Leaving out every picture, copy the lines of the material below exactly, from the line containing "热风【商场同款】女士针织衫拉链开衫2025年秋新款休闲复古翻领针织衫 09灰色 S" through the line containing "Este estilo está".
________________________________________
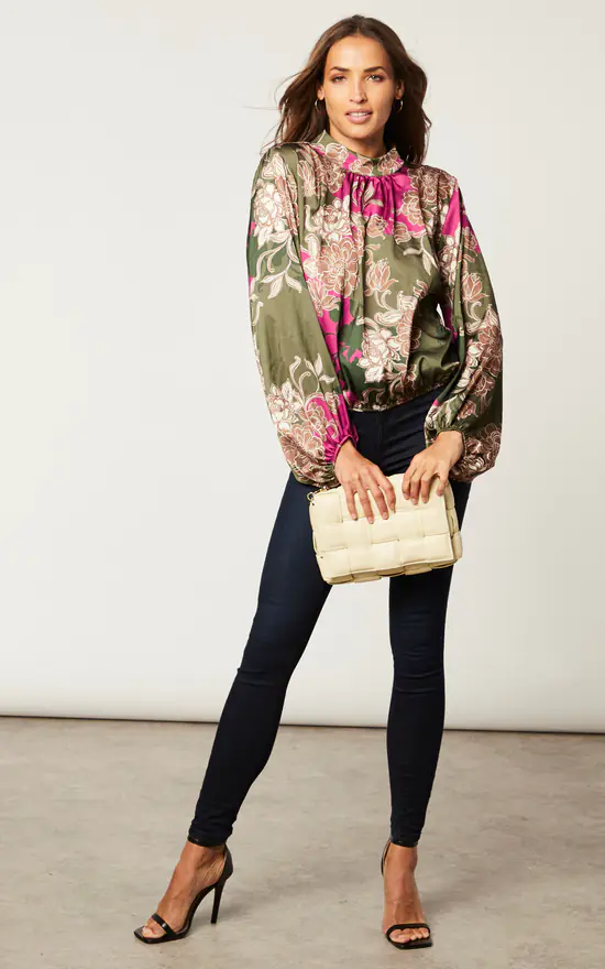 A little bit of florals over here, a little bit of puffiness on the sleeves, a little bit elasticity on the seems, a little bit of Blue Vanilla is all you need! Paired with black jeans and short heel sandals, dance your way into a party with this satin blouse, and enjoy a fun evening out having cocktails with friends.
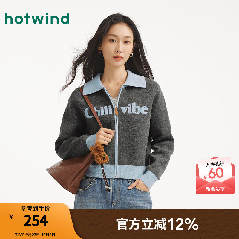 热风【商场同款】女士针织衫拉链开衫2025年秋新款休闲复古翻领针织衫 09灰色 S
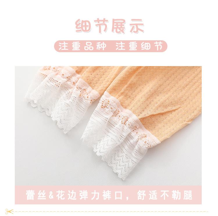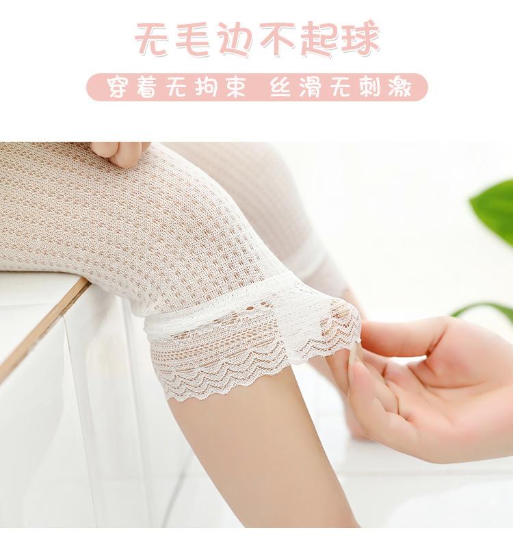 Este estilo está hecho de algodón mercerizado chamuscado de fibra larga de título 60 como materia prima principal. Tiene una superficie lisa y no presenta partículas de algodón. Los bordes crudos del hilo de algodón han sido procesados, por lo que no hace bolitas. Nuestro algodón mercerizado también tiene función antibacteriana. La jeringa grande de 200 agujas está delicadamente procesada, es ligera sobre la piel y no hace bolitas. Se siente fresca sobre la piel en verano. Es un cómodo y popular par de pantalones capri de encaje a prueba de mosquitos, anti-exposición y a prueba de sol para este verano.
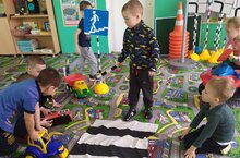 Педагог старшей группы провела с воспитанниками игру-тренинг "Внимание, пешеход!". В занимательной форме воспитанники старшей группы закрепляли знания по правилам дорожного движения. Педагог постаралась привить им умения и навыки правильного поведения на улице, вызвать интерес к движению транспорта и пешеходов, к самому транспорту, уважение к труду водителей транспортных средств, к работе сотрудников ГИБДД.
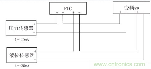 對于傳感器輸出的電流信號,只經PLC和變頻器的輸入阻抗之和不大于傳感器的輸出負載阻抗即可,壓力傳感器的信號可以同時串入PLC和變頻器,如只有壓力傳感器信號,則PLC和變頻器也都可以正常接收壓力傳感器的信號。而當液位傳感器的信號也同時接入PLC和變頻器時,因PLC接收信號的-端都在變頻器的+端,當兩傳感器的信號電流不一樣時,就有可能使PLC兩-端的電位有較大的差異,就就形成了共模干擾電壓。如PLC輸入端又互相不是隔離的,則會造成PLC的模擬信號輸入端接收不正常。變頻器的兩輸入信號是在PLC的后面,其-端電位可保持在變頻器內部電路設定的狀態,問題不大。
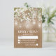 Twinkle Lichter Country Hochzeitskarten mit einem rustikalen braunen Einbrucheffekt-Hintergrund, eleganten Mason-Krug-Saitenleuchten, Baby-Atem-Blume und weißem Text.
________________________________________
TASK RESPONSE:
 热风【商场同款】女士针织衫拉链开衫2025年秋新款休闲复古翻领针织衫 09灰色 S
 Este estilo está hecho de algodón mercerizado chamuscado de fibra larga de título 60 como materia prima principal. Tiene una superficie lisa y no presenta partículas de algodón. Los bordes crudos del hilo de algodón han sido procesados, por lo que no hace bolitas. Nuestro algodón mercerizado también tiene función antibacteriana. La jeringa grande de 200 agujas está delicadamente procesada, es ligera sobre la piel y no hace bolitas. Se siente fresca sobre la piel en verano. Es un cómodo y popular par de pantalones capri de encaje a prueba de mosquitos, anti-exposición y a prueba de sol para este verano.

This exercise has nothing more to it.